Познавательная деятельность человека зиждется на определенных психофизиологических предпосылках.[615] Ориентировочный рефлекс И. П. Павлова, который он даже прямо называл исследовательским,[616] лежит в основе того, что можно называть познавательной деятельностью высших животных.[617] Применительно к человеку В. С. Мерлин говорит об ориентировочном влечении, имеющем наследственное происхождение, общее для человека с животными, которое у человека иногда оказывается сильнее всех других наиболее активных влечений. На его основе возникает научная любознательность, любовь к истине. Аналогичные взгляды высказывают и Дж. Келли, и К. Лоренц.[618]
Поскольку наследственно закрепленные формы поведения возникают только под влиянием естественного отбора, очевидно, что какая-то степень непосредственного интереса к вещам, не связанным прямо с удовлетворением жизненных потребностей, оказывалась для высших животных и для находившегося в процессе становления человека в конечном счете полезной, способствовавшей выживанию.
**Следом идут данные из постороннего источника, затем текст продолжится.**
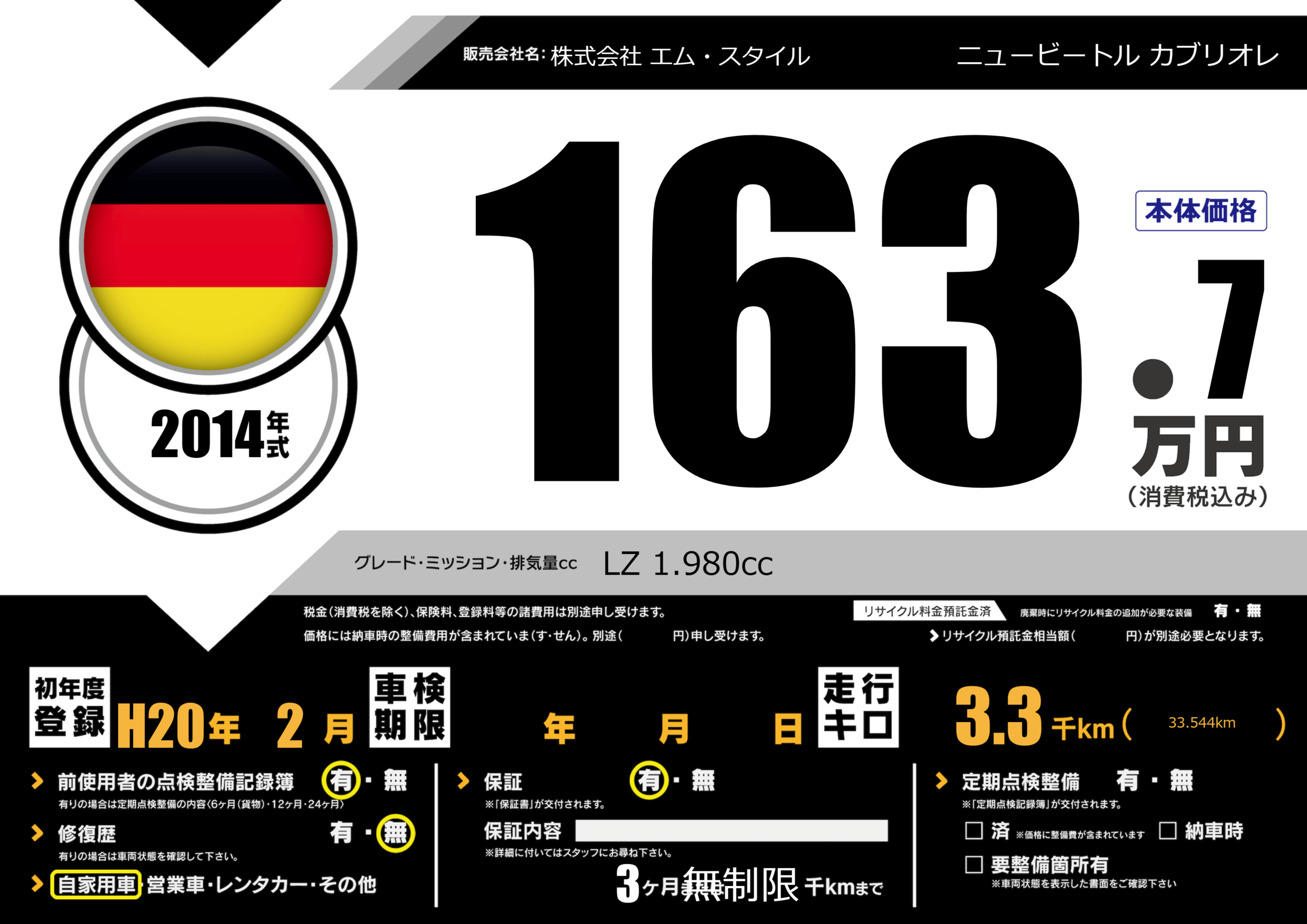 | 車名 | ニュービートル カブリオレ | グレード ミッション 排気量 |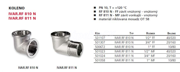 Ivar RF 810 N Koleno-1/2"Fx1/2"F, nikel niklovaná mosaz CW617N 40/320 Ivar RF 810 N Koleno-1/2"Fx1/2"F, nikel niklovaná mosaz CW617N 40/320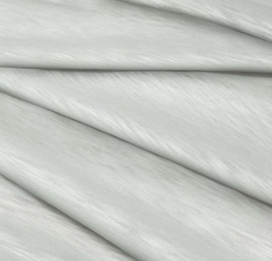 Las características de la tela base incluyen una textura y tacto lisos, una textura visual translúcida y jaspeada, y una textura táctil elástica. El gramaje de la tela es de 135 gr/m2, lo que la hace ligera y cómoda para llevar puesta. Su ancho es de 160 cm y es perfecta para la fabricación de ropa de hombre y mujer, especialmente camisetas y prendas de punto. Esta tela es atemporal y se utiliza a lo largo de todo el año.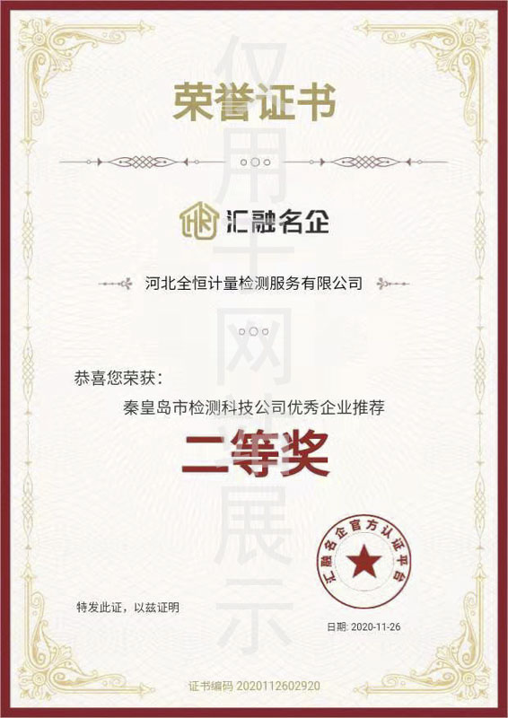 秦皇島市檢測科技有限公司優(yōu)秀企業(yè)推薦二等獎證書

Генетически обусловлено и наличие индивидуальных различий в поведении, различий в склонности или способности особи отходить от наиболее обычных для данного вида в данных условиях форм поведения и, в частности, что нас особенно интересует, различий в степени развития у особи ориентировочной реакции. Эти различия встречаются на всех этапах эволюции животного мира,[619] частично генетически детерминированы[620] и, очевидно, имеют приспособительное значение, внося элементы дифференциации ролей в каждой популяции и тем способствуя ее выживанию.[621]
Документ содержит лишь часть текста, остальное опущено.